As if I haven’t explain it enough before, I am the world’s most dramatic hypochondriac who also happens to struggle with anxiety.
A week an a half ago, I started getting chest pain. Immediately, I just figured I pulled a muscle. I was lifting tents, signage, and setting up for events often, so I ignored it. After day three, I started thinking that it was probably not just a muscle. Next logical thought it my head: It’s my heart. Good thoughts for someone with anxiety, right?
I spent the next four days panicking about my heart, to the point where I would FEEL it beating against my chest and hear it in my ears. I would wake up every morning and think about it until I went to bed that night. I overanalyzed it to it’s full extent, as I do with every single life situation. On the Fourth of July I had a full fledged panic attack behind the driver’s wheel of a parked car twelve minutes before a parade was supposed to begin. I panicked to my mother, my co-workers, and who I consider now to be our “Des Moines friends”, and had suggestions left and right of how to fix myself, which ultimately lead everyone around me to tell me to “slow down, go home, and rest”. I pushed on.
This last week at work, it sat in my head constantly. “What if there really is something wrong with my heart? What if there’s something in my lungs? Why does my chest constantly hurt? WHY IS MY LEFT ARM HURTING? MY FINGERS ARE GOING NUMB. I AM DYING” Over and over, for four days.

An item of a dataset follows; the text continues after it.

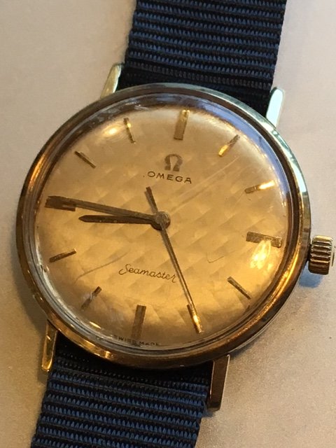 It is the early 60s Seamaster "pre DeVillle" with unishell case, hand-winding cal. 600. The chessboard dial look original IMO, I love how these dial reflect under the sun.

Thursday I walked into Dylan’s office to proclaim my decision. “Emergency Room”. I left work that afternoon and checked myself into the hospital. Did you know the words “chest pain” throws you immediately to the top of the list? Me neither.
Two separate blood draws and a urine sample, they couldn’t tell me what was wrong. Finally after four hours they brought me back to see a doctor. He didn’t know what was wrong. A chest x-ray and an EKG, still no answers. Doctor #2 didn’t know either. When the 11th nurse walked into the room, I started my downward spiral. Every single person that walked in was met by a red faced, panicking, snotty nosed, crying 24 year old. “Please tell me I’m not dying”. (Like, okay Jen. Looking back on this now, I was ridiculous)
As hour six approached, Dylan met me in my little room and my anxiety continued to rise. Back and fourth, try this medicine, let’s try another test. (I was told that I had good veins, you know, on the second round of blood drawing, so I had THAT going for me) The worst part of all of this, was that no one was telling me if something was wrong, or wasn’t wrong.
Hour seven came and the doctor returned. This is when I started to feel like a freaking idiot. “All of your tests came back perfect. Your heart, blood, and lungs are fine! I’m pretty sure you’re under a lot of stress lately and you’re struggling with your indigestion”. Wait. A. Second. You kept me here for seven hours to let me know that my indigestion has been wrecking havoc on my life? Indigestion. So, the hypochondriac in me made EXTRA SURE. “Well actually my fingers are numb and my left arm hurts right now, so are you positive?” The doctor looked at me like I was nuts… “we will draw a lab again, and as long as the number is 0, you’re going home” Guess what number I got?
So, I’m not dying. That’s great. Anxiety strikes again.
Today my chest hurts, just like a week ago. I know it’s indigestion though, so I haven’t started writing my will and planning out my head stone for my cemetery plaque.
Like, indigestion. I swear I’m a 87 year old woman. I went to the hospital for indigestion.